→ Aim of the exercise
Among the records below, find the line with "8521 – 5 Position" and the line with "Погиб в августе". Set down both and every line between, exactly and with no pictures, but nothing else.

→ Supplied material
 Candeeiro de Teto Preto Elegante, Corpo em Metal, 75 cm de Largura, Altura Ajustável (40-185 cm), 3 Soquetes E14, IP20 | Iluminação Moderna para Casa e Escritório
* * *
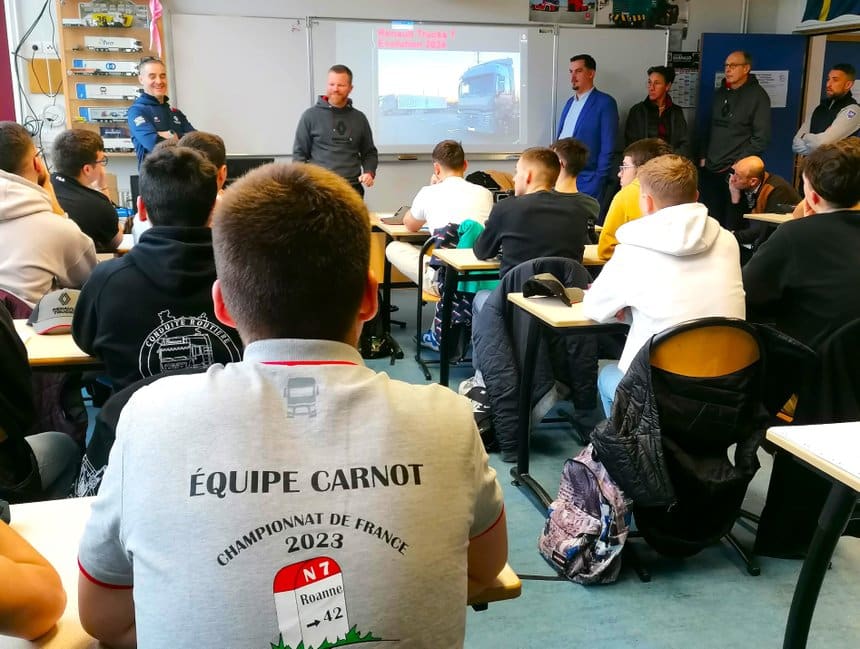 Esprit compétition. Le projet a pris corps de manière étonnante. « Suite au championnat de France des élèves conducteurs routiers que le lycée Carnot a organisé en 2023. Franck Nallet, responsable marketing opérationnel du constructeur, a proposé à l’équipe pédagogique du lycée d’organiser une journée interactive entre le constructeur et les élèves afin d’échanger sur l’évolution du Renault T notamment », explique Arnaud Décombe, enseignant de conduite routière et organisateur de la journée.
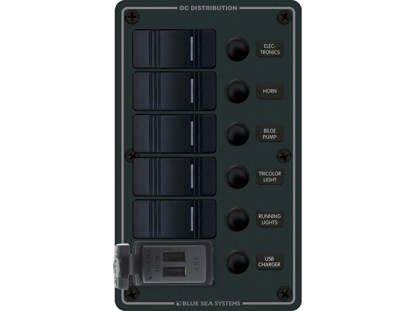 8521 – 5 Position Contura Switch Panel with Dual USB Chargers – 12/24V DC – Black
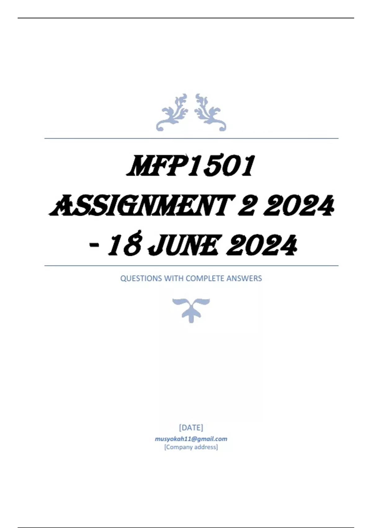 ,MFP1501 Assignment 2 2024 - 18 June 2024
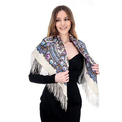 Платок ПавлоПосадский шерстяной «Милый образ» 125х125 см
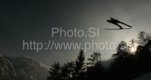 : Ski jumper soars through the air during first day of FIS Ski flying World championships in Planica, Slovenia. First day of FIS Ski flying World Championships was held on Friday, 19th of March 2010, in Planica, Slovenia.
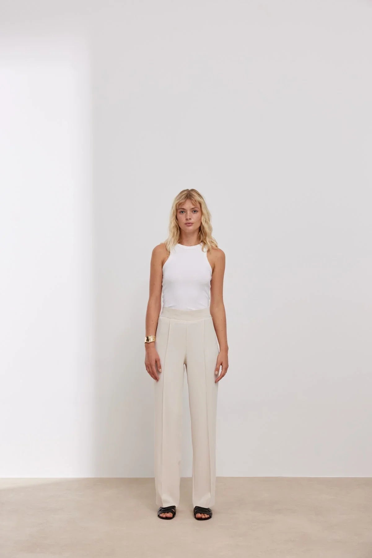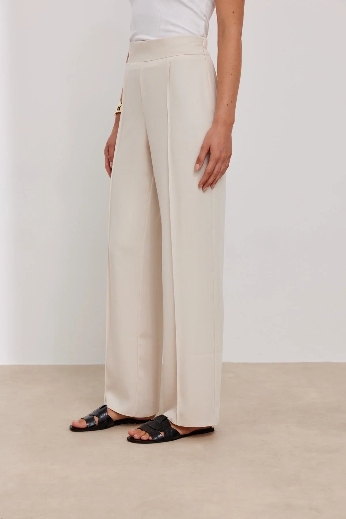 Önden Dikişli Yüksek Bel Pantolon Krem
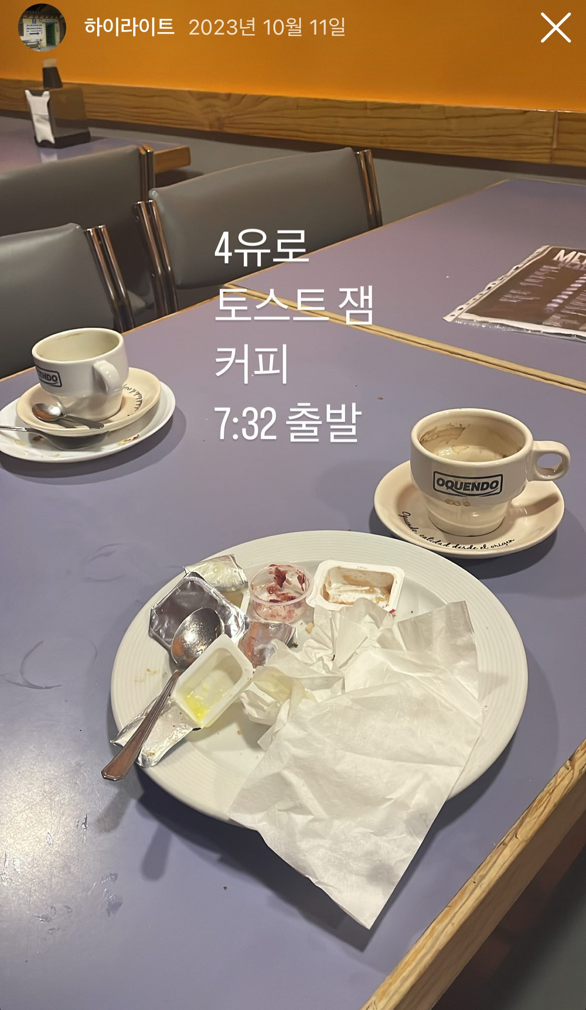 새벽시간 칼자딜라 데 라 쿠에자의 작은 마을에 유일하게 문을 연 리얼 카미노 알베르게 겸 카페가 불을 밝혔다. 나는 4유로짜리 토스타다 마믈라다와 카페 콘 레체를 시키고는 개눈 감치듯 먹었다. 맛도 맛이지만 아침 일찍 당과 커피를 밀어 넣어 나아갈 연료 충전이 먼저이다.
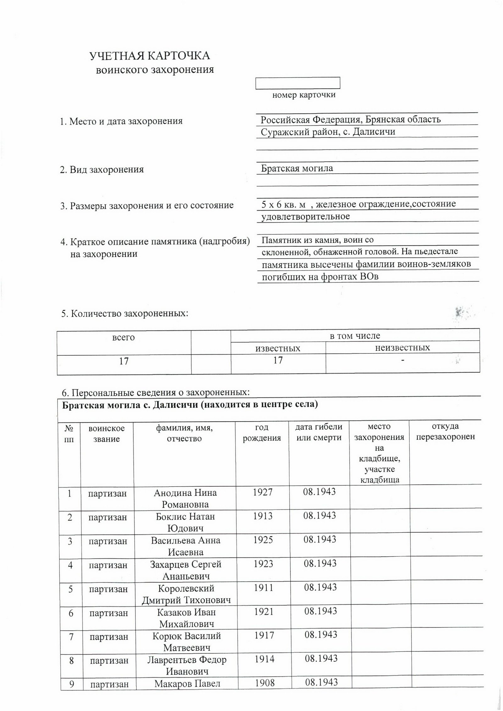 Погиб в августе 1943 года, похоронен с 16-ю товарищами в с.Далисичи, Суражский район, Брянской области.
--
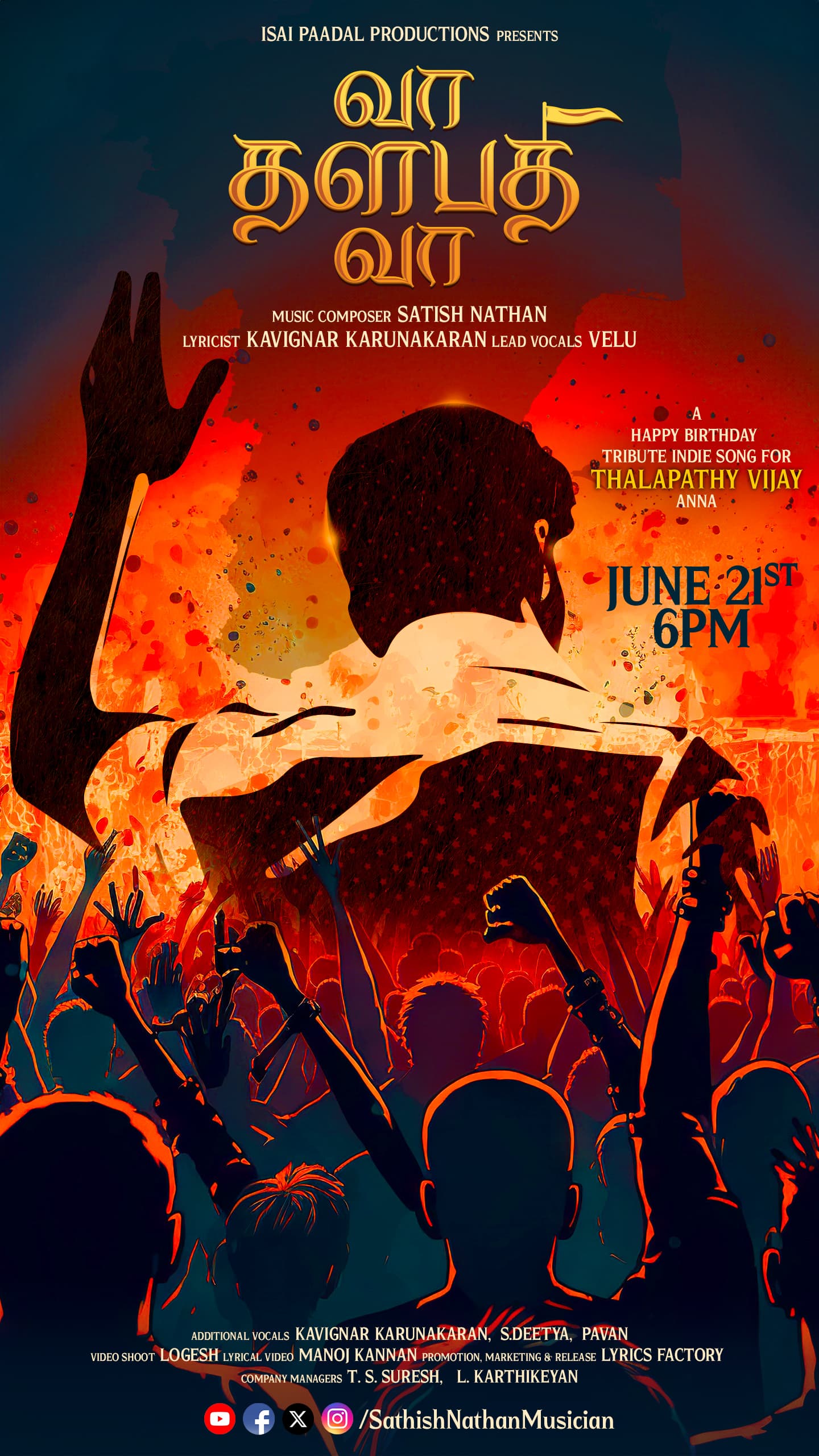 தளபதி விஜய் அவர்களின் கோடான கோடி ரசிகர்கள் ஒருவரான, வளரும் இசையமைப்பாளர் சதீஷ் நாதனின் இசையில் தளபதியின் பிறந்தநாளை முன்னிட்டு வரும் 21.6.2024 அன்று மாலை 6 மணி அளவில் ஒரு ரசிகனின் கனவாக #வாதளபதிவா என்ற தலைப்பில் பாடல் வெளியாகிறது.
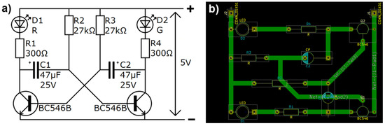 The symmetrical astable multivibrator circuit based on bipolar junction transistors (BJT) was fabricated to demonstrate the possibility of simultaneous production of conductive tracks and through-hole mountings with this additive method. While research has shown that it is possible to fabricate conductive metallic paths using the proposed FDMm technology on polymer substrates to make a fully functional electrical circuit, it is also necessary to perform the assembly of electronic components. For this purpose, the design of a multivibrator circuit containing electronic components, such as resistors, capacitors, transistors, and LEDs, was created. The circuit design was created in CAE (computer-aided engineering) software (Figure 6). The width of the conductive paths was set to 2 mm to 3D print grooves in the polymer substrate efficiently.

→ Exercise answer
 8521 – 5 Position Contura Switch Panel with Dual USB Chargers – 12/24V DC – Black
 ,MFP1501 Assignment 2 2024 - 18 June 2024
 Платок ПавлоПосадский шерстяной «Милый образ» 125х125 см
 : Ski jumper soars through the air during first day of FIS Ski flying World championships in Planica, Slovenia. First day of FIS Ski flying World Championships was held on Friday, 19th of March 2010, in Planica, Slovenia.
 Önden Dikişli Yüksek Bel Pantolon Krem
 새벽시간 칼자딜라 데 라 쿠에자의 작은 마을에 유일하게 문을 연 리얼 카미노 알베르게 겸 카페가 불을 밝혔다. 나는 4유로짜리 토스타다 마믈라다와 카페 콘 레체를 시키고는 개눈 감치듯 먹었다. 맛도 맛이지만 아침 일찍 당과 커피를 밀어 넣어 나아갈 연료 충전이 먼저이다.
 Погиб в августе 1943 года, похоронен с 16-ю товарищами в с.Далисичи, Суражский район, Брянской области.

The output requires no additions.